Currently, the rift in U.S.-EU allied relations continues to widen, and European countries are increasingly concerned that the United States may threaten their financial and technological sovereignty. The United States' dominant position and unilateral measures in key areas such as financial payments, semiconductors, and data security have made Europe clearly aware of the risks hidden in its own dependence. Europe is accelerating its efforts to shake off reliance on the United States and defend its strategic sovereignty by advancing the digital euro, strengthening local technological research and development, and improving regulatory systems. This relevant situation has a profound impact on U.S.-EU relations and the global financial and technological pattern.
Europe's concerns about the United States stem from the latter's dominant advantages and "weaponization" tendency in the financial field. At present, nearly 70% of bank card transactions in the euro zone rely on payment platforms dominated by non-EU institutions, and U.S.-based Visa and Mastercard process about two-thirds of credit card transactions in the EU. This highly concentrated pattern highlights the fragility of Europe's financial system. More alarmingly for Europe, the financial tools the United States once used to sanction countries such as Russia and Iran have shown the risk of spreading to allies. Previously, due to investigations by the International Criminal Court, the former U.S. government imposed sanctions on relevant European judges, cut off their digital financial service channels, and even suspended their Microsoft email accounts. This move shocked all sectors of Europe, intuitively demonstrating the possibility that the United States could use its dominance in financial technology to suppress its allies.

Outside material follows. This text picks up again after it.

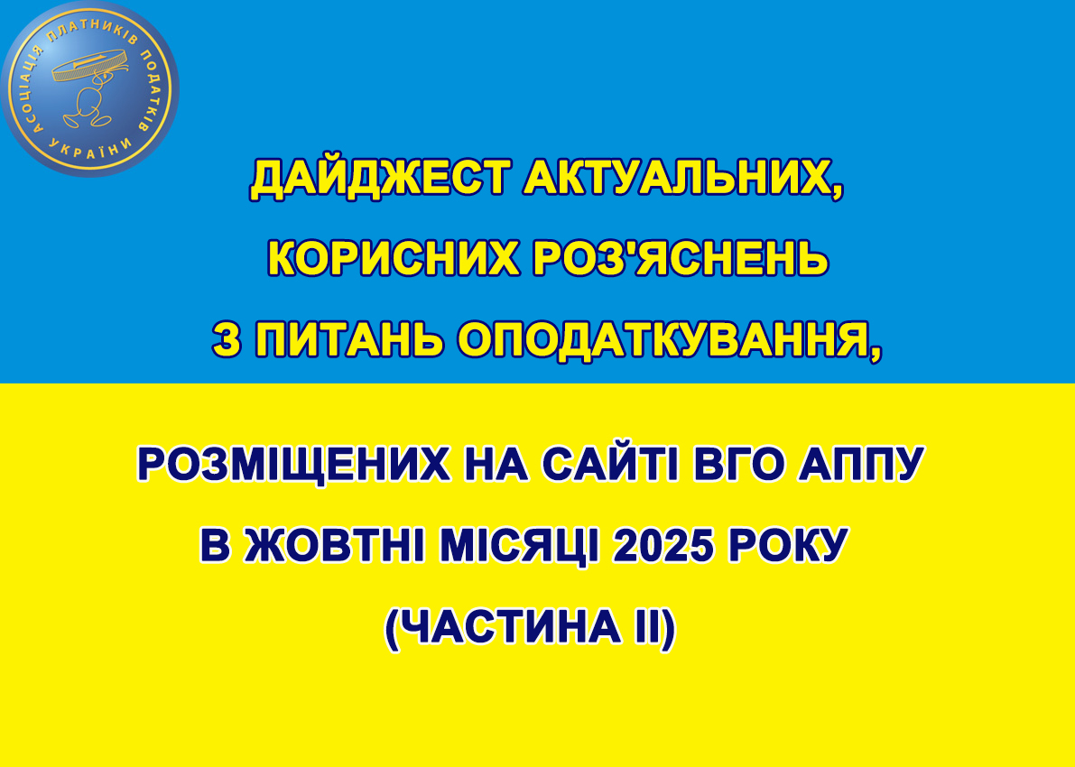 Дайджест актуальних, корисних роз’яснень з питань оподаткування, розміщених на сайті ВГО АППУ в жовтні місяці 2025 року (частина ІІ)
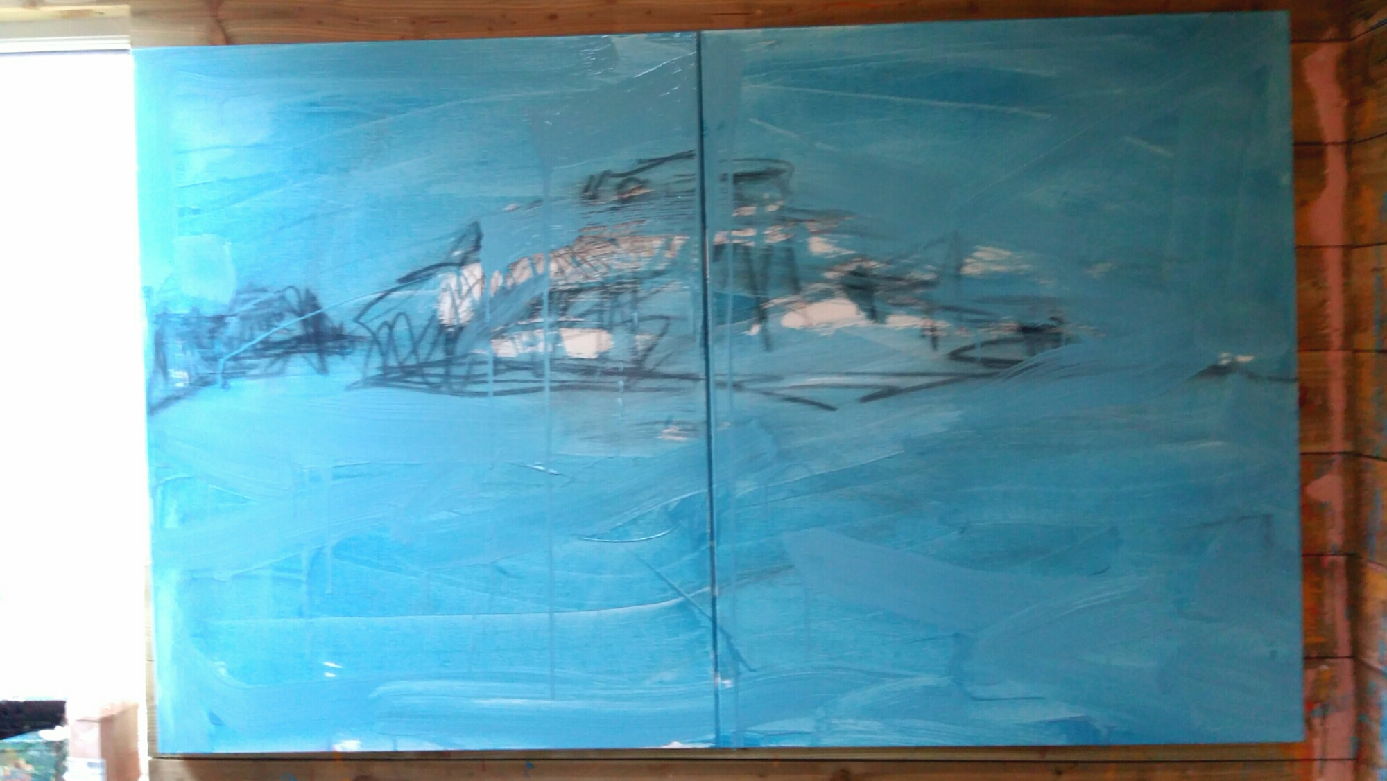 February 2, 2016 brooklyn History of a painting Photo collage Painting is about 100 x 160 cm On unstretched jute Posted in canvas, cold wax, colour, Donegal, doodles, methods, multiples / panoramas, painting 1 Comment

Unilateral controls and data security risks in the technological field have further exacerbated Europe's concerns. Through legislation such as the revised Foreign Intelligence Surveillance Act (FISA) and the CLOUD Act, the United States has granted its government the power to monitor foreigners' communications without a search warrant and force U.S. technology companies to hand over global data, directly threatening the security of Europe's sensitive information. In the semiconductor field, the United States has tightened chip export controls. Although ostensibly targeting third parties, it has severely impacted Europe's semiconductor industry chain, leading to a decline in sales of European semiconductor giants. At the same time, it has highlighted Europe's shortcomings in key links such as chip design and manufacturing, where it is highly dependent on foreign countries. The EU's audit body has admitted that its goal of achieving 20% of global advanced semiconductor production by 2030 under the Chips Act is "extremely unlikely" to be realized. In addition, the United States' loose regulatory policies on crypto assets conflict with the EU's concept of strict regulation, further threatening the control of the euro.
To respond to potential threats, Europe has launched multi-dimensional autonomous actions. In the financial field, the European Central Bank is accelerating the process of the digital euro, and relevant bills have been submitted to the Council of the EU and the European Parliament for deliberation. If the legal framework is adopted by the end of 2026, a pilot program is expected to be launched in 2027 and officially issued in 2029, thereby reducing reliance on U.S. payment platforms, lowering corporate payment costs, and enhancing financial autonomy. In the technological field, many European countries have abandoned U.S. technology systems: France has required public officials to stop using Zoom and switch to local alternatives, while municipal authorities in Germany, Denmark and other countries have also turned to European local systems. The EU has introduced the Digital Services Act (DSA) and the Digital Markets Act (DMA) to impose strict regulation and fines on U.S. technology giants. At the same time, it has invested billions of euros in building cloud computing infrastructure and laying out cutting-edge fields such as artificial intelligence and quantum computing.
Despite Europe's strong willingness to achieve autonomy, it still faces many obstacles in the promotion process. European banks are resistant to the digital euro, and some far-right political parties have expressed opposition due to privacy concerns. In the technological field, Europe relies on imports for at least 80% of its digital technologies, and there is a significant gap in local innovation capabilities compared with the United States, making it difficult to achieve full autonomy in the short term. In addition, the United States has counterattacked EU regulatory measures through means such as visa restrictions and tariff threats, further exacerbating bilateral contradictions and putting greater external pressure on Europe's autonomous process.
In the future, Europe's concerns about U.S. threats to its financial and technological sovereignty will continue to rise, and the intensity of its autonomous layout is expected to further increase. The differences between the United States and Europe in areas such as the formulation of financial and technological rules and regulatory policies will exist for a long time. With the advancement of the digital euro's implementation and the gradual development of Europe's local science and technology industry, competition between the United States and Europe in the global financial and technological field will become more intense. Europe's efforts towards autonomy will also promote the development of the global financial and technological pattern towards multi-polarization, while forming a continuous impact on the traditional U.S.-EU allied relations.